Cape Coast Mysterious Ebusua Dwarfs, Ghana
These Dwarfs stand tall in the Ghanaian Premier League.
You might not think dwarves are that intimidating – sports franchises prefer Giants, as a rule – but in Ghanaian voodoo, moatia are terrifying, 1ft-tall forest dwellers. They’re known for being tricksters, possessing a phenomenal knowledge of herbs, and having their feet on backwards – which surely wouldn’t help in a difficult tie against Hearts of Oak.
Also, the Dwarf’s grudge match with eternal rival Cape Coast venomous vipers FC is compulsory viewing.
Deportivo Moron, Argentina
Like MiddelFart FC, the name sounds dubious, but its origins are an innocuous nod to the region in Buenos Aires Deportivo Moron represents.
FC Santa Claus, Finland
It’s impossible not to have a soft spot for FC Santa Claus in Finland, which takes its name from the bearded North Pole patriarch.
According to urban myth, Jolly Saint Nick made the move north from his place of origin in Rovaniemi, where FC Santa Claus was founded. Some speculate that father Christmas stood in goal for the club during its formative years.
As per our stringent fact-checking, representatives from the North Pole were contacted for confirmation, but declined to comment. Suffice to say, fans are always tickled when FC Santa Claus brings the gift of good football.
Insurance Management Bears, Bahamas
Insurance Management Bears, or IM Bears FC for short terrorises defences in the idyllic tax haven with an aggressive press, eye for goal and rigorous financial acumen.
Solid SC, Sri Lanka
Succinct, no-nonsance and what you see is what you get from ‘solid’ SC for those looking for a team to back in Sri Lanka.
SV Robinhood, Suriname
How can you not love a team named after cult hero Robinhood, this side from Suriname hit a bullseye with its choice of name.
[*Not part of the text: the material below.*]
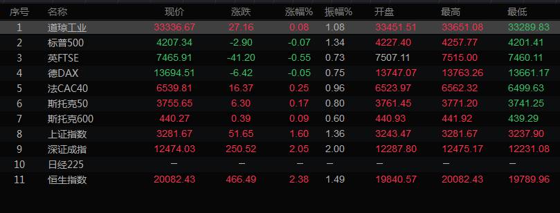 美股收盘情况,道琼斯工业指数上涨0.08%,至33336.67点;标普500指数下滑0.07%,至4207.27点;纳斯达克指数下跌0.58%,至12779.91。

Unlike its namesake, the story of this fabled club is not that of an underdog, SV Robinhood is the most decorated club in Suriname, with 24 league titles.
Grasshoper Club Zurich, Switzerland
The cult-hero is often the butt of headlines from media outlets across Europe when in action in the UEFA Champions League, but Grasshopper Club Zurich is no joke.
The Grasshoppers have won the Swiss Super League a record 27 times and reached the quarter-finals of the European Cup in the 1978-1979.
Lincoln Red Imps FC, Gibraltar
Not to be confused with England's Lincoln City Imps, The Red Imps are not to be looked down upon, as the most decorated club in the Gibraltar National League, with 24 league titles.
In 2021, the club became the first team from Gibraltar to reach the group stages of a European cup competition.
To add to the Red Imps' allure, their home ground stakes a claim for the most picturesque stadium in the world.